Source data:

━━━━━━━━━━

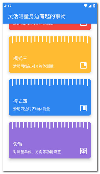 你是不是也有过这样的经历:出门在外突然需要测量东西大小,却发现自己忘记带尺子?现在有了这款手机电子直尺app,这些问题都能轻松解决!它直接把你的手机变成了一个精准的1:1比例尺子,操作特别简单,只需要把手机边靠在物品边上就能读出数据。而且它还有多种测量模式,比如点测、线测、对边测和四边测,满足各种不同的需求。
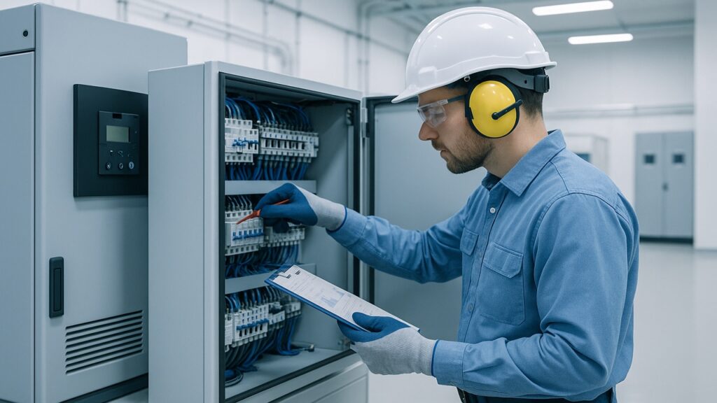 안전장비를 착용한 엔지니어가 전기설비 점검을 수행 중인 장면, CAPA 파트너 유지보수 사례
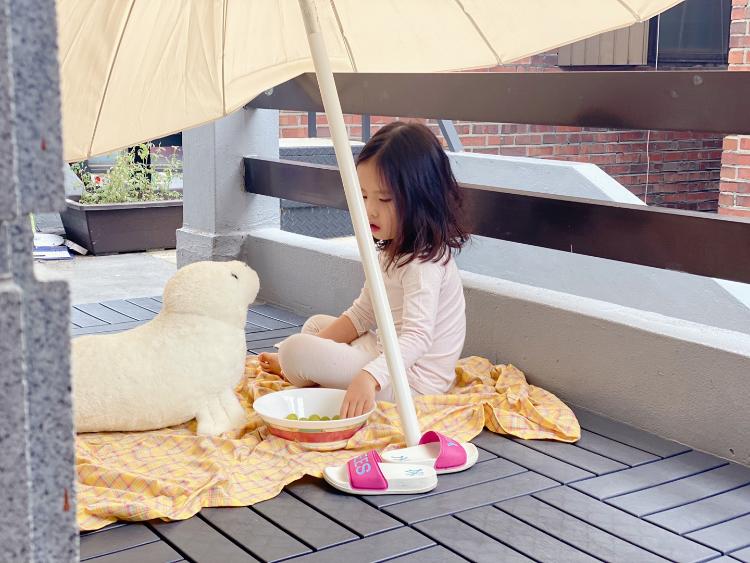 아파트에는 베란다가 있지만, 저희 집엔 이렇게 작은 마당이 있습니다. 요즘처럼 바람이 시원한 날엔 파라솔 밑에서 과일을 먹기도 하고, 캠핑의자를 두고 하늘을 보기도 하고, 햇빛 아래 침구류를 소독하기도 해요. 주택으로 이사 온 뒤 햇빛 반짝일 땐 빨래할 생각이 기분이 좋습니다.
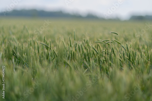 Obraz premium A Beautiful and Lush Green Field of Ripening Wheat Spreading Under a Clear...
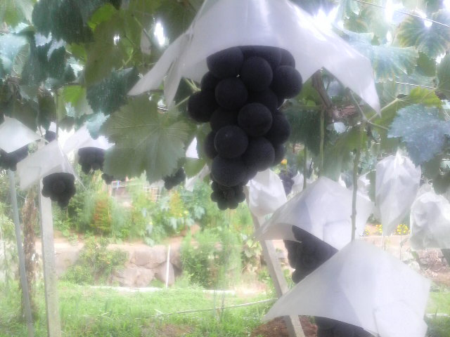 私が行った農園はブドウが全部袋で覆われており、隙間からのぞいて良さそうなのをもぎって食べました。
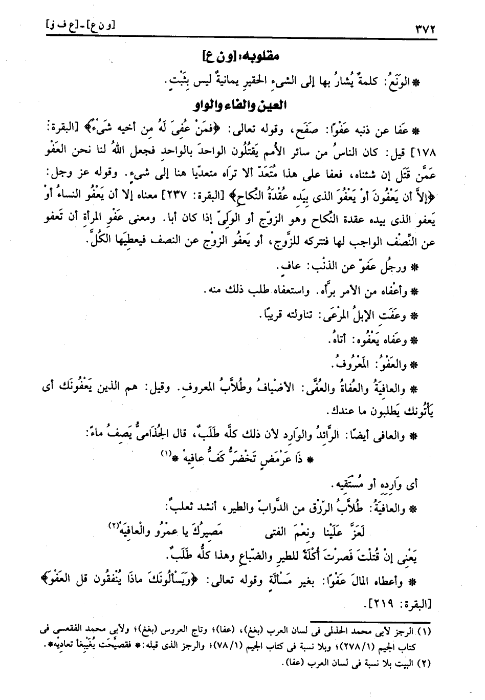 عَفا عَن ذَنبه عفوا: صفح، وَقَوله تَعَالَى (فَمن عُفيَ لَهُ من اخيه شَيْء) قيل: كَانَ النَّاس من سَائِر الْأُمَم يقتلُون الْوَاحِد بِالْوَاحِدِ فَجعل الله لنا الْعَفو عَمَّن قتل إت شئناه، فَعَفَا على هَذَا مُتَعَدٍّ أَلا ترَاهُ مُتَعَدِّيا هُنَا إِلَى شَيْء وَقَوله عز وَجل (إِلَّا أَن يعفون أَو يعْفُو الَّذِي بِيَدِهِ عقدَة النِّكَاح) مَعْنَاهُ إِلَّا أَن يعْفُو النسء أَو يعْفُو الَّذِي بِيَدِهِ عقدَة النِّكَاح وَهُوَ الزَّوْج أَو الْوَلِيّ إِذا كَانَ ابا. وَمعنى عَفْو الْمَرْأَة أَن تَعْفُو عَن النّصْف الْوَاجِب لَهَا فتتركه للزَّوْج، أَو يعْفُو الزَّوْج عَن النّصْف فيعطيها الْكل.

━━━━━━━━━━

YOUR INSTRUCTIONS |
From the first line above to the last, reproduce the records exactly but without the pictures.

SOLUTION TO THE PROBLEM |
 你是不是也有过这样的经历:出门在外突然需要测量东西大小,却发现自己忘记带尺子?现在有了这款手机电子直尺app,这些问题都能轻松解决!它直接把你的手机变成了一个精准的1:1比例尺子,操作特别简单,只需要把手机边靠在物品边上就能读出数据。而且它还有多种测量模式,比如点测、线测、对边测和四边测,满足各种不同的需求。
 안전장비를 착용한 엔지니어가 전기설비 점검을 수행 중인 장면, CAPA 파트너 유지보수 사례
 아파트에는 베란다가 있지만, 저희 집엔 이렇게 작은 마당이 있습니다. 요즘처럼 바람이 시원한 날엔 파라솔 밑에서 과일을 먹기도 하고, 캠핑의자를 두고 하늘을 보기도 하고, 햇빛 아래 침구류를 소독하기도 해요. 주택으로 이사 온 뒤 햇빛 반짝일 땐 빨래할 생각이 기분이 좋습니다.
 Obraz premium A Beautiful and Lush Green Field of Ripening Wheat Spreading Under a Clear...
 私が行った農園はブドウが全部袋で覆われており、隙間からのぞいて良さそうなのをもぎって食べました。
 عَفا عَن ذَنبه عفوا: صفح، وَقَوله تَعَالَى (فَمن عُفيَ لَهُ من اخيه شَيْء) قيل: كَانَ النَّاس من سَائِر الْأُمَم يقتلُون الْوَاحِد بِالْوَاحِدِ فَجعل الله لنا الْعَفو عَمَّن قتل إت شئناه، فَعَفَا على هَذَا مُتَعَدٍّ أَلا ترَاهُ مُتَعَدِّيا هُنَا إِلَى شَيْء وَقَوله عز وَجل (إِلَّا أَن يعفون أَو يعْفُو الَّذِي بِيَدِهِ عقدَة النِّكَاح) مَعْنَاهُ إِلَّا أَن يعْفُو النسء أَو يعْفُو الَّذِي بِيَدِهِ عقدَة النِّكَاح وَهُوَ الزَّوْج أَو الْوَلِيّ إِذا كَانَ ابا. وَمعنى عَفْو الْمَرْأَة أَن تَعْفُو عَن النّصْف الْوَاجِب لَهَا فتتركه للزَّوْج، أَو يعْفُو الزَّوْج عَن النّصْف فيعطيها الْكل.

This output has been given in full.